Selain itu, Pemprov NTT telah menerima Dana Tunggu Hunian tahap pertama dari Badan Nasional Penanggulangan Bencana (BNPB), yang telah diserahkan kepada pemerintah Kabupaten/Kota.

“Ini merupakan dana tahap pertama yang diberikan untuk memperbaiki rumah warga yang rusak akibat badai seroja. Dan masih ada lagi tahap kedua,” jelasnya.

Dia meminta para Bupati dan Wali Kota Kupang untuk segera memasukan data masyarakat yang rumahnya rusak berat, rusak ringan, dan rusak sedang. Karena data yang sudah diterima posko baru berjumlah 14 Kabupaten/Kota.

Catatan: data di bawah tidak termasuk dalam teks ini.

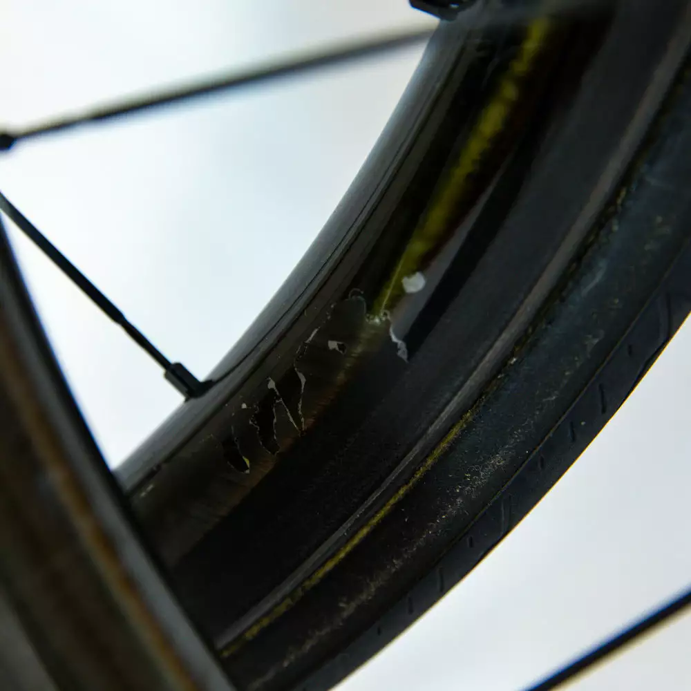 The wheelset is used. It comes with some marks from usage (mostly clearcoat). The wheels are in good condition with some scratches. The bearings are in good condition and there are many miles left in them. Both tires are used but in good condition.

“Saya harap mereka sudah mendengarkan arahan dari Bapak Gubernur kemarin. Bahwa, batasnya pada hari Jumat besok dan tidak ada kompromi. Jika lewat dari itu, kami tidak akan proses dan silahkan Bupati menggunakan dana APBD II untuk membantu masyarakat,” tegasnya.

Marius juga berharap kepada para kepala daerah untuk merancang desain yang dikerjakan, sebelum masuk masa transisi ke masa rekonstruksi, dan rehabilitasi.